:: Records for this exercise ::
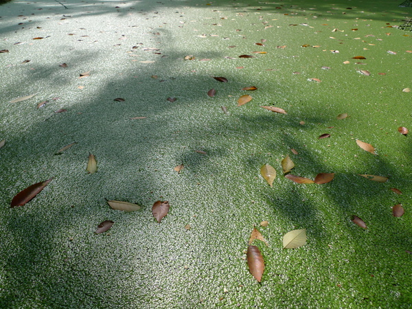 5分鐘之後,經過住家上方漂滿浮萍的蓄水池,像一幅畫。
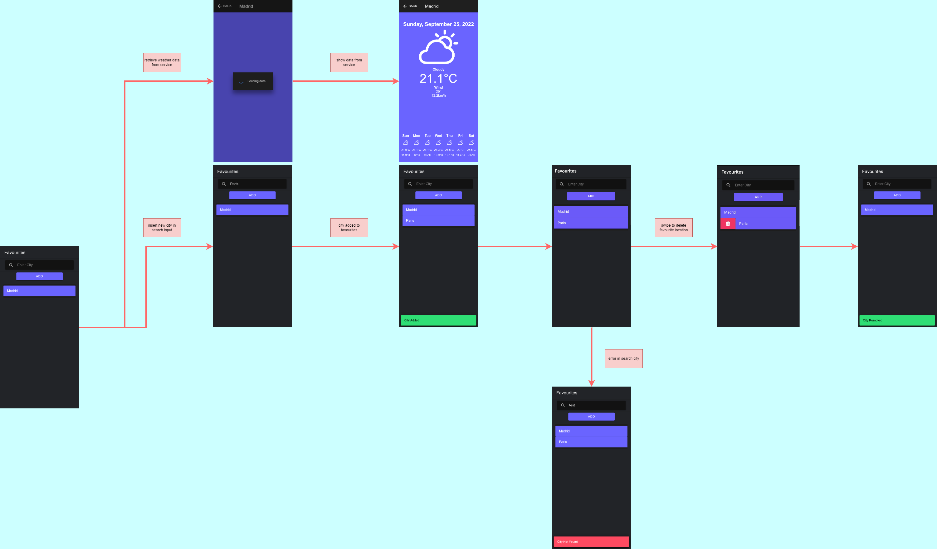 Weather-app Figma Project (Mockup): https://www.figma.com/file/6RYUqr6iaru0UVkrQVlGqz/WeatherApp?node-id=0%3A1 Development server Run ionic serve for a dev server. Navigate to http://localhost:8100/. The app will automatically reload if you change any of the source files. Build Run ionic capacitor build to build the project. Further infos: https://ionicframework.com/docs/cli/commands/capacitor-build Flowchart: API used: https://open-meteo.com/en https://restcountries.com/
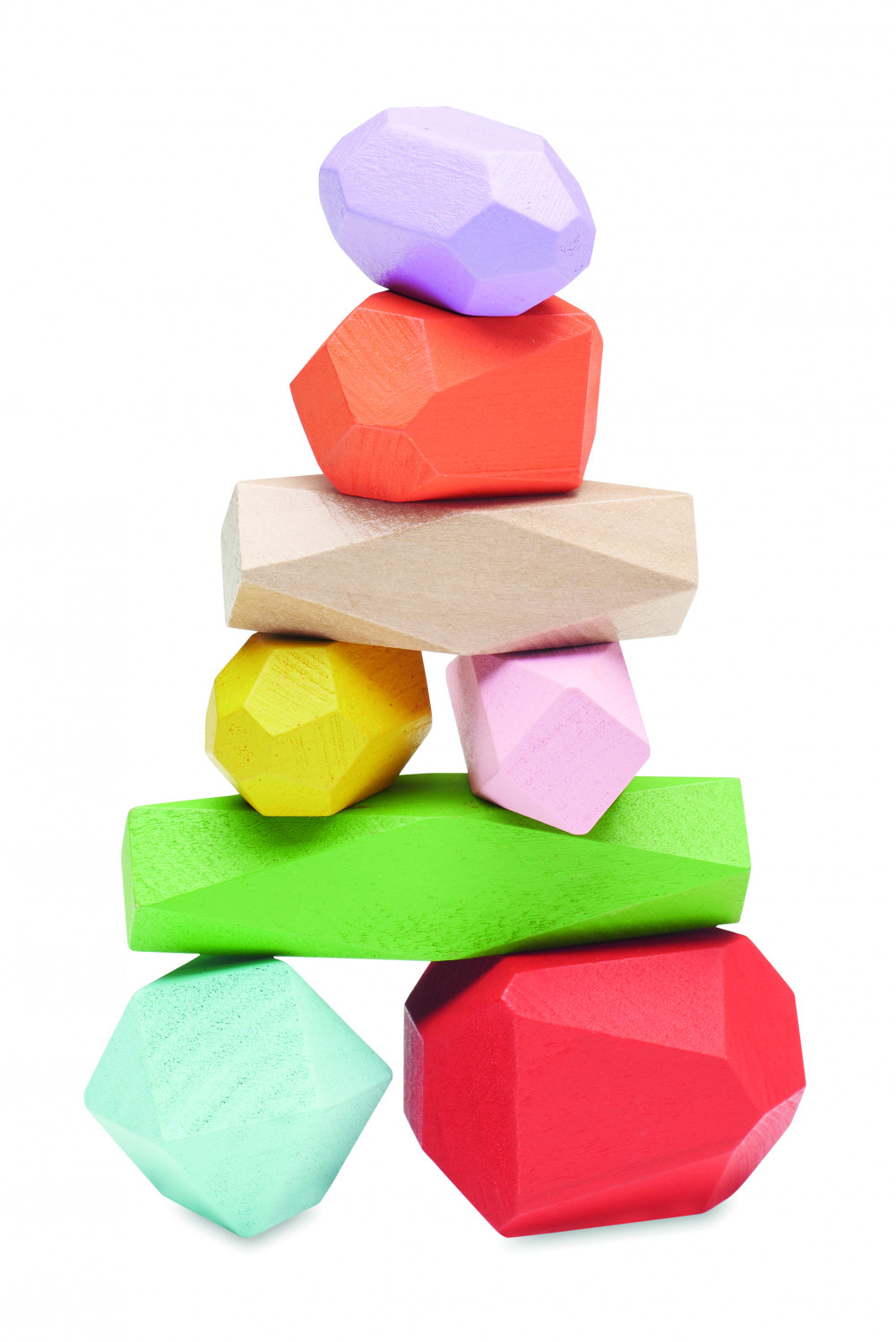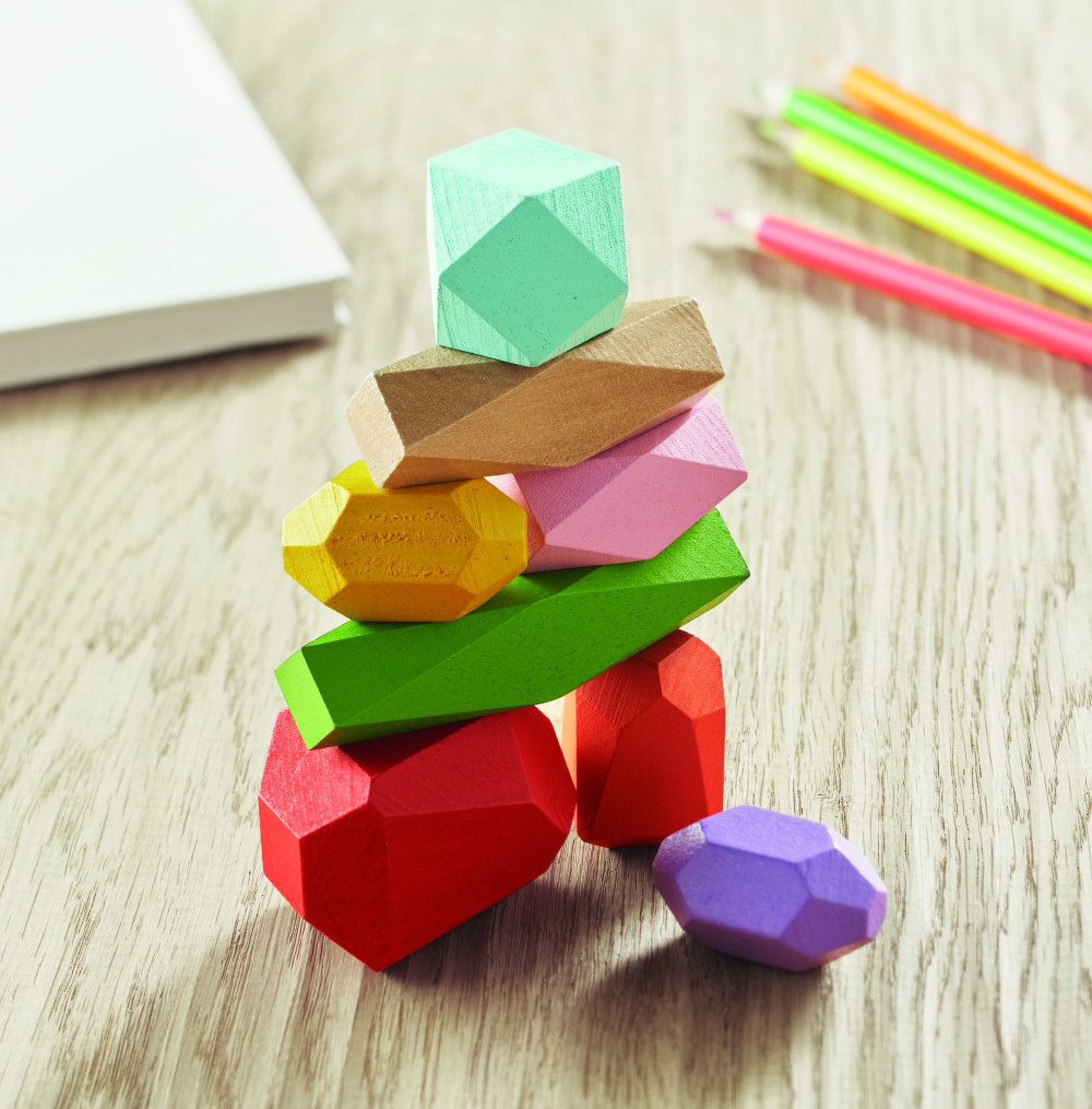 8 részes, színes, fából készült, kő formájú építőjáték, pamut húzózsinóros tárolótasakban.
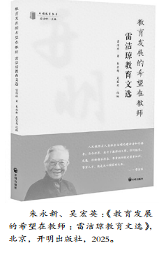 《教育发展的希望在教师:雷洁琼教育文选》的出版,具有极其重要的现实意义。它汇聚了雷洁琼一生在教育领域的思考、实践和探索,是其教育智慧的结晶。通过阅读这本文选,我们可以追溯百年来特别是改革开放以来中国教育发展的宏大史诗,聆听一代教育家在时代浪潮中为教育、为教师、为儿童发出的庄严呼吁。
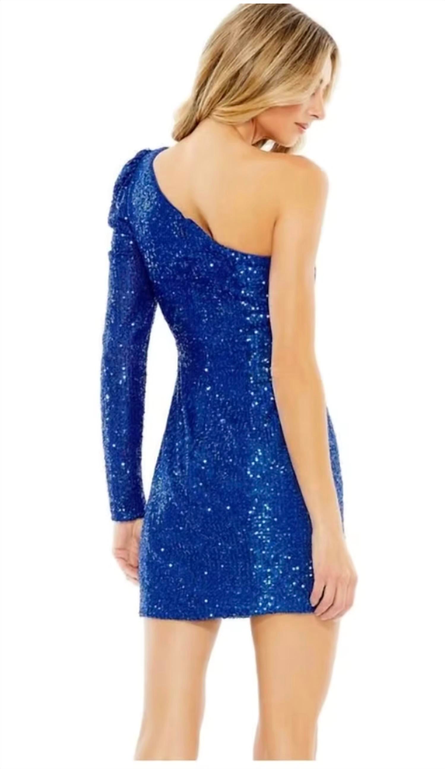 The kind of easy and flattering dress you'll be reaching for all season long. This fitted mini dress is designed to shine, crafted from shimmering sequins for a bold party-ready look. The one-shoulder neckline and single sleeve create a striking asymmetrical silhouette, while a sleek slit adds a touch of allure. Finished with a back zipper for easy wear, it’s the perfect choice for cocktail events and special nights out.
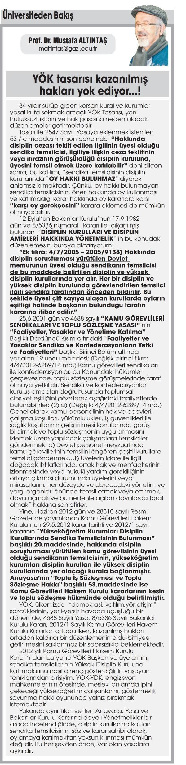 YÖK TASARISI KAZANILMIŞ HAKLARI YOK EDİYOR...!
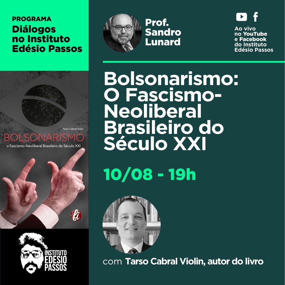 Amanhã (quarta-feira dia 10), o advogado e Professor de Direito da UFPR, Sandro Lunard, recebe o autor do livro “Bolsonarismo: O Fascismo-Neoliberal Brasileiro do Século XXI” e também membro do Instituto Edésio Passos — Tarso Cabral Violin, advogado e professor.
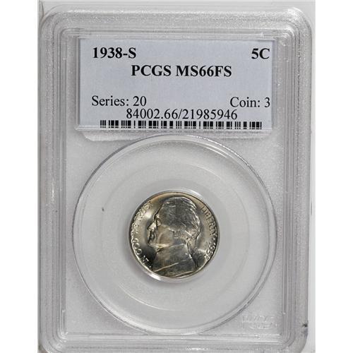 1938-S 5C MS66 Full Steps PCGS. Olive-gold, lavender,
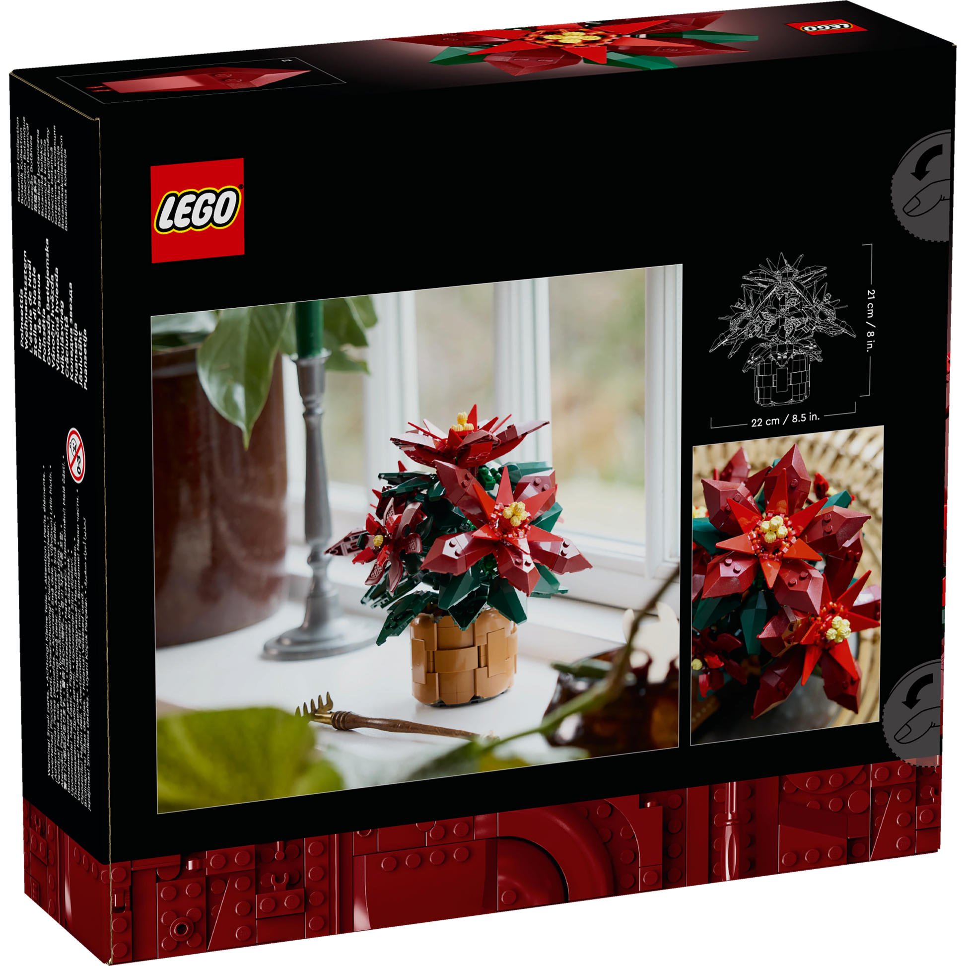 This posable LEGO plant replica depicts a ’Grande Italia’ poinsettia nestled in a woven-basket flowerpot and features green leaves and 5 clusters of vibrant red leaves (bracts) with yellow cyathia at the centre. Easy to assemble, it delivers a rewarding building experience and makes an elegant display for the home and office.

:: Task brief ::
Restate word for word the lines beginning with the one that contains "The kind of" and ending with the last line of the listing; pictures stay out.

:: Result below ::
 The kind of easy and flattering dress you'll be reaching for all season long. This fitted mini dress is designed to shine, crafted from shimmering sequins for a bold party-ready look. The one-shoulder neckline and single sleeve create a striking asymmetrical silhouette, while a sleek slit adds a touch of allure. Finished with a back zipper for easy wear, it’s the perfect choice for cocktail events and special nights out.
 YÖK TASARISI KAZANILMIŞ HAKLARI YOK EDİYOR...!
 Amanhã (quarta-feira dia 10), o advogado e Professor de Direito da UFPR, Sandro Lunard, recebe o autor do livro “Bolsonarismo: O Fascismo-Neoliberal Brasileiro do Século XXI” e também membro do Instituto Edésio Passos — Tarso Cabral Violin, advogado e professor.
 1938-S 5C MS66 Full Steps PCGS. Olive-gold, lavender,
 This posable LEGO plant replica depicts a ’Grande Italia’ poinsettia nestled in a woven-basket flowerpot and features green leaves and 5 clusters of vibrant red leaves (bracts) with yellow cyathia at the centre. Easy to assemble, it delivers a rewarding building experience and makes an elegant display for the home and office.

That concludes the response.